◆ TASK OBJECTIVE
Write out every entry exactly as given, but omit the pictures.

[RECORDS SUPPLIED — start]

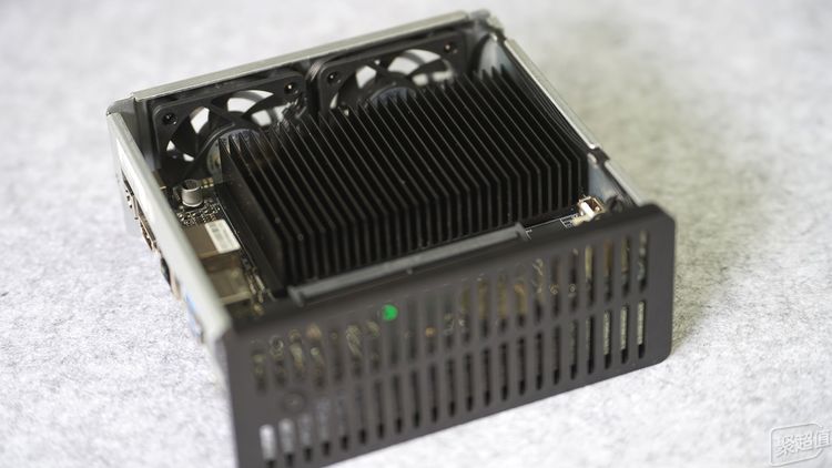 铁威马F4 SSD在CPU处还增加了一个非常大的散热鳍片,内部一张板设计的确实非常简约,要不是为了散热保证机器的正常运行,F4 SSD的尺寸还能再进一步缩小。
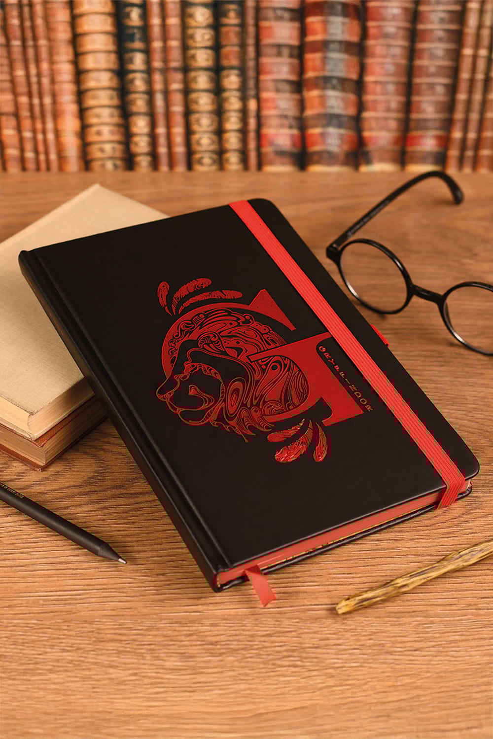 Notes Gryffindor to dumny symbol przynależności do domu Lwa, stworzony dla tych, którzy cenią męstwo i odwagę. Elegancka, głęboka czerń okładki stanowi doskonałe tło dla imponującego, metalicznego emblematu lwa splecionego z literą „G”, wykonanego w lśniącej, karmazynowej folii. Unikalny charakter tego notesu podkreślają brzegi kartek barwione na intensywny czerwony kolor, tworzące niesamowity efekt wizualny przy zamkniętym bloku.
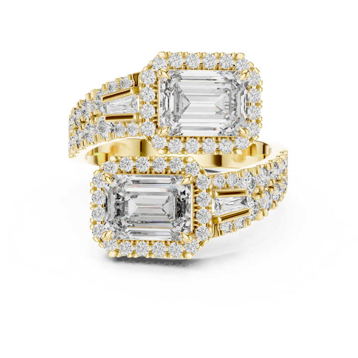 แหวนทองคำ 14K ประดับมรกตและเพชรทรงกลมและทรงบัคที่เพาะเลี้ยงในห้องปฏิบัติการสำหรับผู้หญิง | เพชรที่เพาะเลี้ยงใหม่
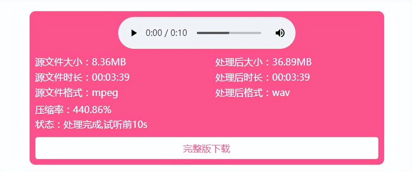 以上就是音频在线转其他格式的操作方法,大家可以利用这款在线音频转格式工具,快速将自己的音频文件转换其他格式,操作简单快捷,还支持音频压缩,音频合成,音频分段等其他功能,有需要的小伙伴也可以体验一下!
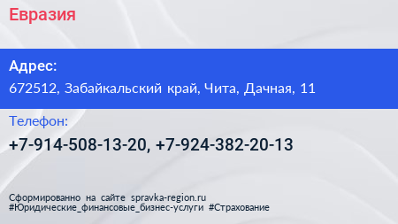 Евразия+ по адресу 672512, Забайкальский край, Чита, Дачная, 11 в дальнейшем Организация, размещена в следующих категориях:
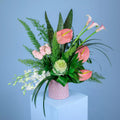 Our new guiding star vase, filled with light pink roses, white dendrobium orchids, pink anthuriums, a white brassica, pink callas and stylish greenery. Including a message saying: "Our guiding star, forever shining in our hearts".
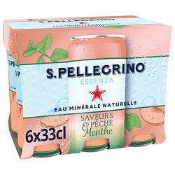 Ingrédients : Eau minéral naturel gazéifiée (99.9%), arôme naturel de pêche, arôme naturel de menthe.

[RECORDS SUPPLIED — finish]

◆ REPLY TO THE TASK
 铁威马F4 SSD在CPU处还增加了一个非常大的散热鳍片,内部一张板设计的确实非常简约,要不是为了散热保证机器的正常运行,F4 SSD的尺寸还能再进一步缩小。
 Notes Gryffindor to dumny symbol przynależności do domu Lwa, stworzony dla tych, którzy cenią męstwo i odwagę. Elegancka, głęboka czerń okładki stanowi doskonałe tło dla imponującego, metalicznego emblematu lwa splecionego z literą „G”, wykonanego w lśniącej, karmazynowej folii. Unikalny charakter tego notesu podkreślają brzegi kartek barwione na intensywny czerwony kolor, tworzące niesamowity efekt wizualny przy zamkniętym bloku.
 แหวนทองคำ 14K ประดับมรกตและเพชรทรงกลมและทรงบัคที่เพาะเลี้ยงในห้องปฏิบัติการสำหรับผู้หญิง | เพชรที่เพาะเลี้ยงใหม่
 以上就是音频在线转其他格式的操作方法,大家可以利用这款在线音频转格式工具,快速将自己的音频文件转换其他格式,操作简单快捷,还支持音频压缩,音频合成,音频分段等其他功能,有需要的小伙伴也可以体验一下!
 Евразия+ по адресу 672512, Забайкальский край, Чита, Дачная, 11 в дальнейшем Организация, размещена в следующих категориях:
 Our new guiding star vase, filled with light pink roses, white dendrobium orchids, pink anthuriums, a white brassica, pink callas and stylish greenery. Including a message saying: "Our guiding star, forever shining in our hearts".
 Ingrédients : Eau minéral naturel gazéifiée (99.9%), arôme naturel de pêche, arôme naturel de menthe.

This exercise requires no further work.